Sonny got up and put a couple of nickels in the jukebox, hoping a little music would ease the tension. It didn't seem to help much, so after a few minutes the boys left and drove out to the Y, a fork in the road about five miles from town. The fork was on top of a hill, and when they got there they sat and looked across the fiat at the cluster of lights that was Thalia. In the deep spring darkness the lights shone very clear. The windows of the pickup were down and they could smell the fresh smell of the pastures.

They only sat a few minutes, and then drove back to town. When they pulled up at the rooming house the Wichita boys were there, sitting on the fenders of the Mercury.

"There's the Bunne brothers," Duane said. "That damn Lester must have sent 'em."

Both of them were badly scared, but they didn't want the Wichita boys to know that so they got out as if nothing were wrong. For a moment no one said anything. Sonny nervously scraped his sole on the pavement and the sound was very loud in the still night.

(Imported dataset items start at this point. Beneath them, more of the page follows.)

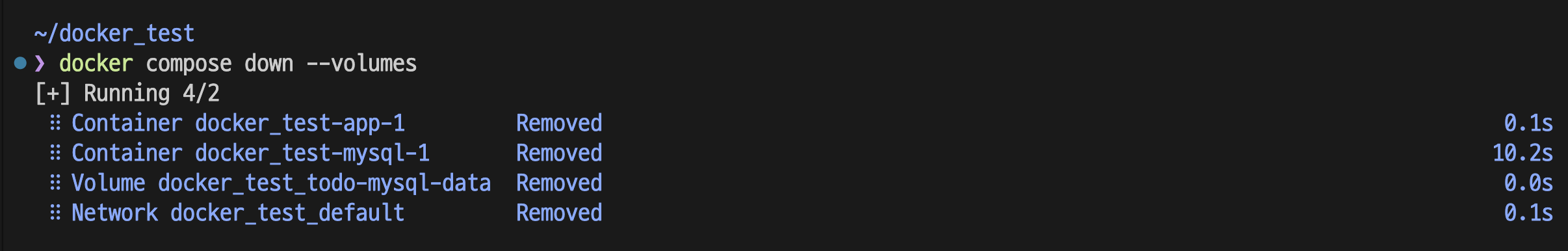 컨테이너들을 킬 때는 docker compose up -d 으로 켰으니까, 반대로 끌 때는 docker compose down으로 끄면 된다. 그런데 만약에 볼륨을 생성했다면 --volumes 옵션을 꼭 줘야 같이 사라진다!
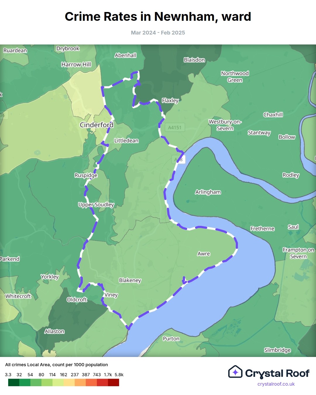 Newnham (ward) is located within Forest of Dean (borough). Annual total crime rate in Forest of Dean (borough) is 67.2 crimes per thousand resident population, which can be rated as 2 out of 10 or low crime level compared to other local authority districts in England and Wales.
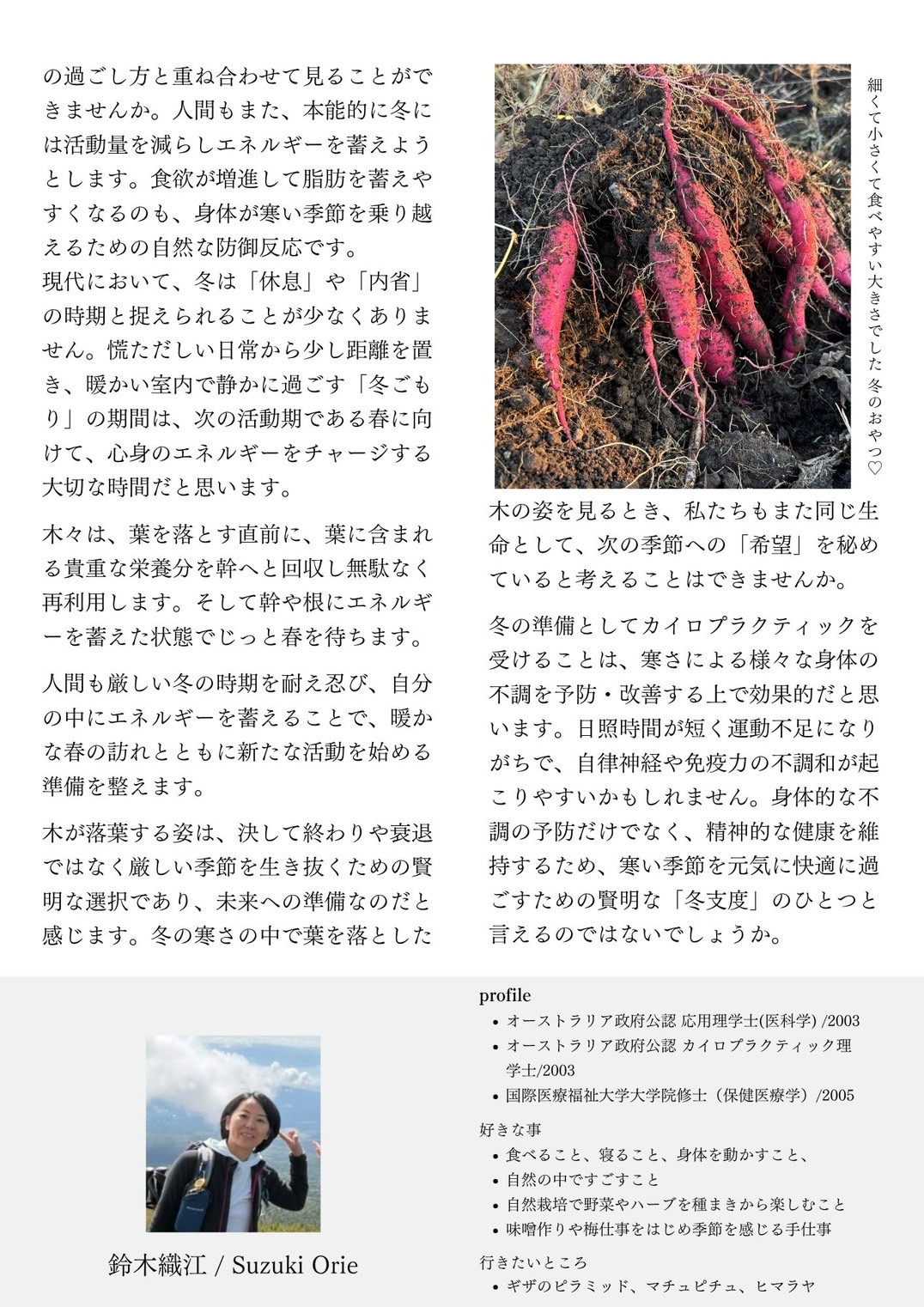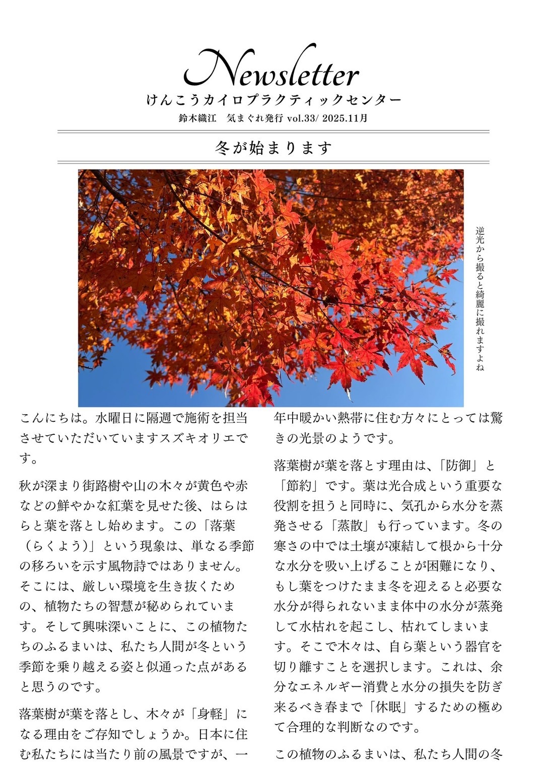 ニュースレター オリエ先生 vol.33- 2025年11月27日発行 こんにちは、けんこうカイロプラクティックセンター 岩崎久弥です オリエ先生のニュースレターアップします。 いかがでしたか。紅葉の写真とってもキレイでしたよね。私はまだ紅葉見ていません おすすめの関連記事 オリエ先生ニュースレターVOL.7 ニュースレター 鈴木織江 vol.19- 2025年6月発行 けんこうカイロニュースレター 2025年6月15日(日) 32号 けんこうカイロニュースレター 2025年7月14日 37号 ご予約・お問い合わせはこちら 054-221-0125タップで電話をかける LINEから予約お問合わせする 前の記事へ 次の記事へ 所在地 当院までの道案内はこちら
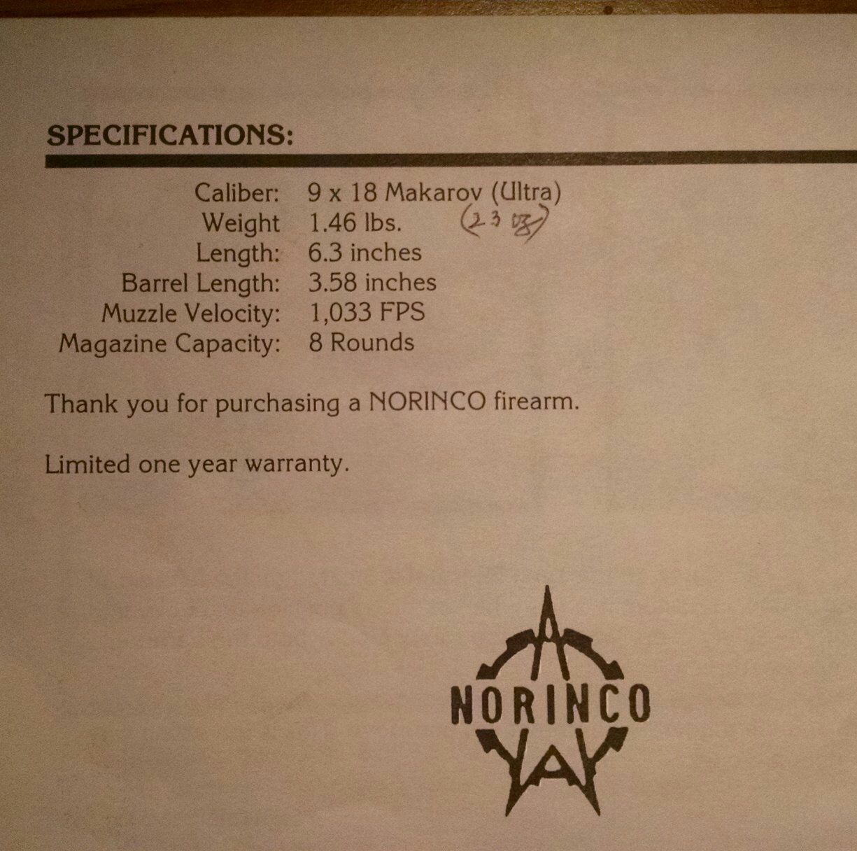 Just bought my Norinco T59 Makarov, and found interesting reading in the manual that came with it. It says the gun is 9×18 Ultra. The key word being Ultra. I know of the Walther Ultra round developed for more pressure, but have never seen a 9×18 Ultra. For now assuming one of those things that occur when translating. The imprint on the gun does not say Ultra.

Mickey Bunne came cockily over and broke the silence. "Hear you men beat the piss out of Lester," he said.

"I beat the piss out of him," Duane said quickly. "Sonny wasn't involved."

"That ain't the way Lester tells it:"

The other boys got off the fenders and began to edge around.

"He probably lied about it," Duane said. "I didn't hit him over five times, anyway. I told him to stop going with my girl."

Mickey moved a step closer. "He said you both whipped him."

"You don't really think it would take two of us to whip Lester, do you?" Sonny asked. "All he had was a bloody nose and a busted lip. If we'd both fought he wouldn't have been able to drive home, much less tell lies about it."

The Wichita boys were momentarily silent, even Mickey. What Sonny said was obviously true: it didn't take two people to whip Lester Marlow, and he hadn't been damaged much, anyway. Most of the boys didn't feel particularly unfriendly to Duane and Sonny, but that didn't matter. There had to be a fight. The Bunne brothers wouldn't go home without a fight. Fortunately Mickey Bunne was quickwitted and saw right away what tack to take.

"Who whipped him don't matter," he said. "We don't like you country boys tellin' us who to go with and who to leave alone. We like to screw country girls once in a while."

Duane was getting a little nervous. "I didn't tell him not to screw country girls," he said. "I told him not to bother Jacy. He can fuck the whole rest of this town for all I care -I'm just tired of him botherin' Jacy."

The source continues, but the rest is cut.